Canadian “Peacekeeping” Troops in Afghanistan: Keep Pearson out of it
The Harper government’s flagging campaign to sell Canadians on extending our combat mission in Afghanistan has clearly found new legs since the release last month of the pro-war Manley report.
The turnaround moment probably came at a press briefing when John Manley, head of the government’s advisory panel on Afghanistan, defended the mission by invoking the name of Canadian peacekeeping hero Lester Pearson.
Since Canadians have tended to associate Afghanistan with torture and a cowboy-style “war on terror,” the invocation of Pearson’s name – from fellow Liberal Manley – was highly potent.
It was also absurd, even preposterous – like invoking Abe Lincoln as a nation-building forerunner of George W. Bush.
Indeed, Francis Boyle, professor of international law at the University of Illinois College of Law, argues that Manley’s attempt to place Pearson’s mantle on the Afghan mission amounts to a “real desecration of (Pearson’s) memory and his monumental achievement for world peace.”
Boyle says that he’s made his students study the UN peacekeeping model devised by Pearson for the Suez Crisis of 1956. “It was the first, and the model for all that came after it … Pearson richly deserved his Nobel Peace Prize.”
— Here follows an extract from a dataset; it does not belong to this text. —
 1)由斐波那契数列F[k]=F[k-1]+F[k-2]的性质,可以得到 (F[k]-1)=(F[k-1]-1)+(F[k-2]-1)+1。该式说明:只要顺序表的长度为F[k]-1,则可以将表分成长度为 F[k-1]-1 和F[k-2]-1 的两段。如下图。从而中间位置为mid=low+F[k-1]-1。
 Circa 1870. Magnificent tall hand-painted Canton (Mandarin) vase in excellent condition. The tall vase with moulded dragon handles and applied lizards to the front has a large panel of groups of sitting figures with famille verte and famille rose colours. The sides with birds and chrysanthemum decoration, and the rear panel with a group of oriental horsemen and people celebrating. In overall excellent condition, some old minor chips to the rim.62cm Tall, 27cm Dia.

“How dare Manley invoke his name,” Boyle continued. “The offensive use of military force (in Afghanistan) bears no similarity at all to Pearson’s peacekeeping force in the Sinai, which was genuine and legitimate peacekeeping.”
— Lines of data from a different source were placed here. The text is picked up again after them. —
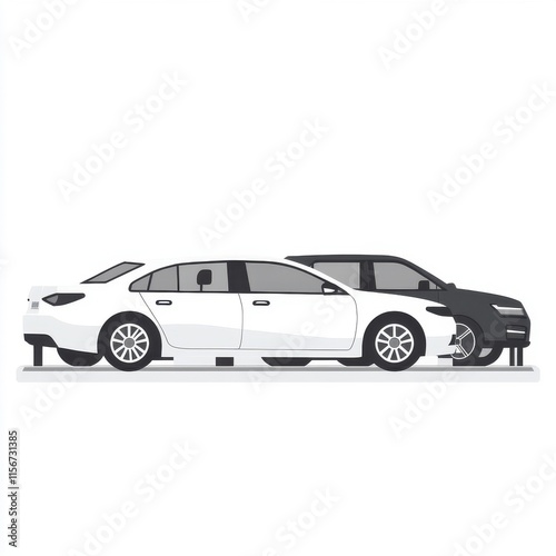 A sleek white sedan parked next to a stylish black SUV on a minimalist display.
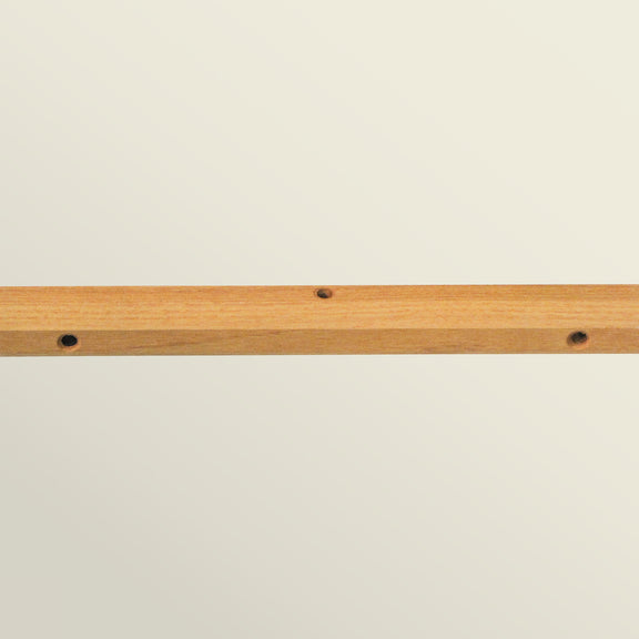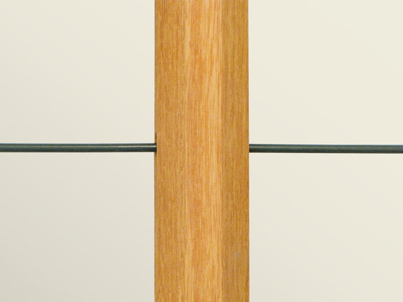 Het frambozenrek bestaat uit palen van robiniahout, die met tussenafstanden van 60 tot 80 cm in de grond worden geslagen, en elastisch hol koord dat horizontaal door de palen wordt geregen op vier verschillende hoogtes, met een tussenafstand van 32 cm. De palen hebben gaten voor het koord met een tussenafstand van 8 cm. Rijg het bovenste koord door het bovenste gat.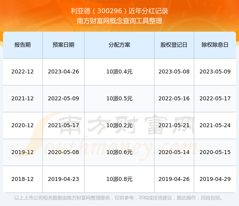 利亞德最新一次公布的分紅方案:10派0.4元。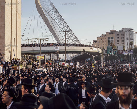 Légende : Plusieurs centaines de milliers d'ultra-orthodoxes se rassemblent à Jérusalem pour protester contre le projet de loi les contraignant à la conscription militaire au sein de l'armée israélienne. Jérusalem, le 30 octobre 2025. © Lucien Lung / Riva Press *** Several hundred thousand ultra-Orthodox Jews gather in Jerusalem to protest against the Knesset bill that would force them into military service in the Israeli army. Jerusalem, October 30, 2025. © Lucien Lung / Riva Press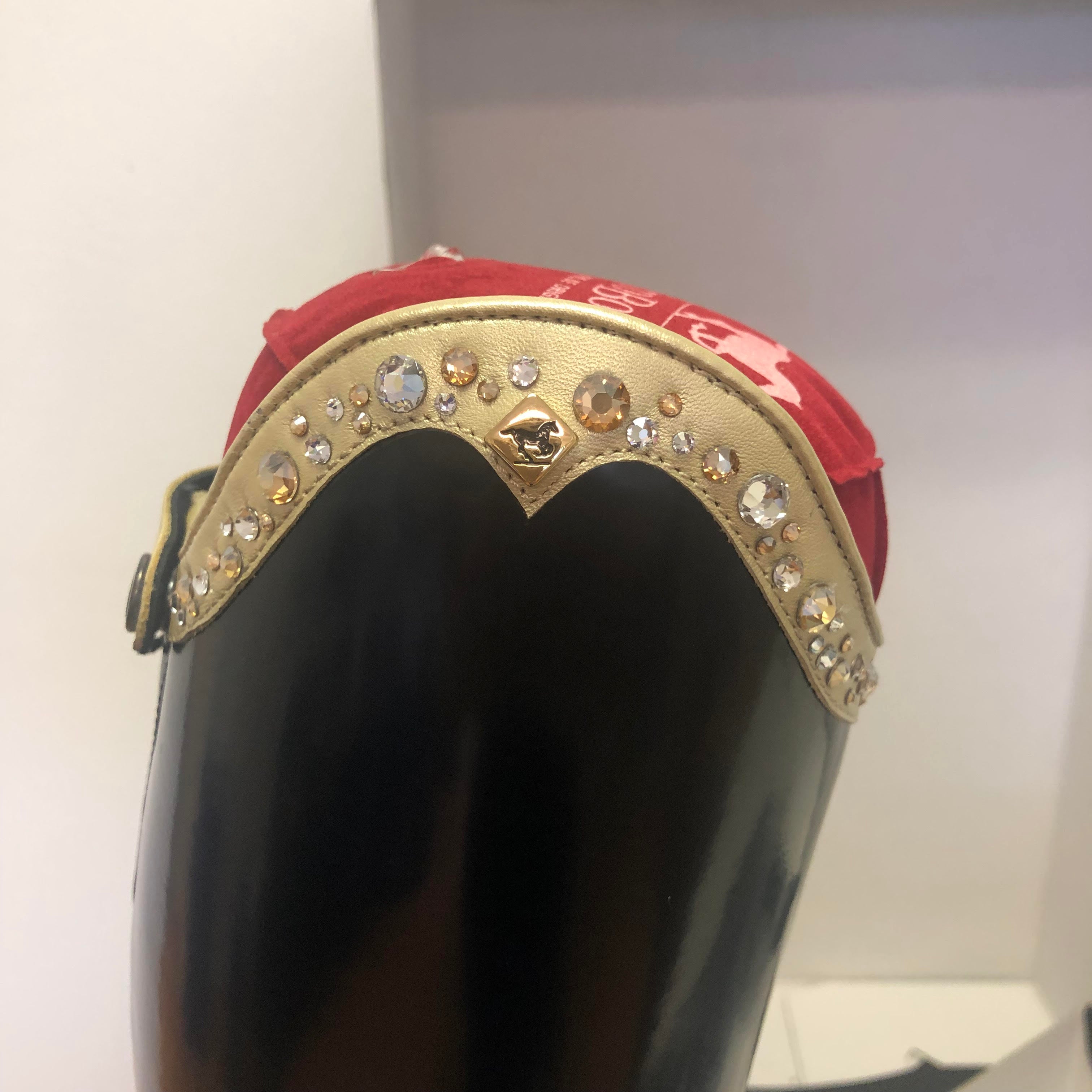 We put this top Rondine on a S2601 boot. The leg and foot were brushed. It was made to match her beautiful bridle so happy with the end result. You can send me images so we can help match up your tack, don't forget we can also work with KASK and use the same swatch to customize your helmet.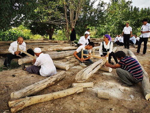 党员吐尔逊·麦麦提和吾斯曼·艾麦提拿起锯子,你来我往,按党支部书记量好的尺寸把木头截好。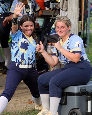 Northside’s Caylee Young (left) and Brook Parrish show that you can play winning ball and still find time to have some fun.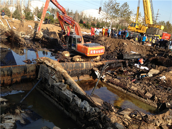 LU: 事故雖然過(guò)去了5年,但許多事情仍然歷歷在目。 2013年11月下旬,我正在日本JFE鋼鐵廠(chǎng)考察訪(fǎng)問(wèn)。 11月23日清晨用餐時(shí),看到日本電視新聞報道中國青島發(fā)生了輸油管道爆炸,感到非常震驚。正要和國內聯(lián)系,就接到國家安監總局打來(lái)的電話(huà),要我盡快趕回國內參加事故調查。我立即中斷考察行程,于當天乘飛機回到北京,晚上抵達青島。我和中國石油大學(xué)于達教授、西南石油大學(xué)李長(cháng)俊教授、石油管工程技術(shù)研究院霍春勇教授分到一個(gè)小組,主要任務(wù)是調查泄漏原因和泄漏量。 24日上午我們乘車(chē)來(lái)到事故現場(chǎng),雖然搜救遇難者和傷員等主要工作已經(jīng)結束,但爆炸所造成的巨大破壞仍然讓人觸目驚心。青島經(jīng)濟開(kāi)發(fā)區秦皇島路和齋堂島街一帶排水暗渠水泥蓋板全部掀翻,橫七豎八散落在居民小區的馬路上。周邊的麗東化工廠(chǎng)、益和電器公司的部分建筑嚴重損毀,滿(mǎn)目瘡痍,讓人心情格外沉重。據事后確認公布,這次事故共造成63人死亡、 156人受傷,直接經(jīng)濟損失75 172萬(wàn)元,F場(chǎng)我們遇到了正在指揮搶險的中石化集團公司傅成玉董事長(cháng)和管道儲運公司錢(qián)建華總經(jīng)理,錢(qián)總向我們簡(jiǎn)單介紹了事故情況后帶我們到東黃復線(xiàn)管道泄漏點(diǎn),調查工作隨即開(kāi)始。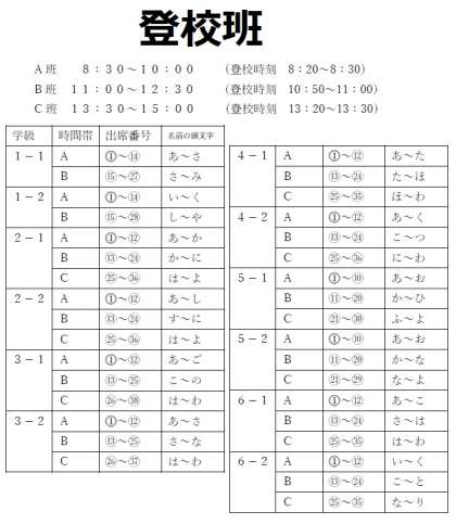 登校班の分かれ方は、本文の最後に示しております。出席番号が分からない方や、どうしても時間帯をずらして欲しい方は、学校にご連絡ください。

The notion of the Afghan mission as a moral, legal war pervades the Manley report. Contrasting it to the invasion of Iraq, Manley portrays the intervention in Afghanistan as a law-abiding, UN-authorized venture. But Boyle says that the invasions of Iraq and Afghanistan were both illegal under international law, in that neither received Security Council approval.
The Manley report implies that the U.S. invasion of Afghanistan was endorsed by the Security Council, but Boyle notes that the Security Council resolution cited by Manley in no way authorized military action. Rather, it called for the perpetrators of 9/11 to be brought to justice – suggesting they be dealt with as criminals through extradition and the judicial system, not war.
After invading Afghanistan and toppling the government, Washington won UN authorization for the new government it installed, and for its ongoing intervention through NATO. As a result, the U.S. presence in Afghanistan – like the one in Iraq – now has “a veneer of UN authority,” notes Osgoode Hall law professor Michael Mandel.
Manley has long been a proponent of closer relations with the U.S., and he and his panellists met with top U.S. officials, including Secretary of State Condoleezza Rice.
Yet the Manley report avoids any suggestion that Ottawa’s involvement in Afghanistan is about pleasing the Bush administration, which is widely disliked in Canada.
Indeed, the Manley report makes Washington all but disappear, emphasizing the UN and NATO, and Canada’s role within NATO.
But NATO is just a military alliance ultimately run by Washington. Indeed, since it came into being in 1950, NATO has always been headed by a U.S. general (currently John Craddock).
In addition to NATO forces in Afghanistan, there are another 13,000 U.S. troops under direct U.S. command. This means that all troops serving in Afghanistan are ultimately under commander-in-chief George W. Bush, whose shadow looms large over the country.
But in urging Canadians to keep fighting over there, Manley somehow found it more relevant to mention the name Lester B. Pearson.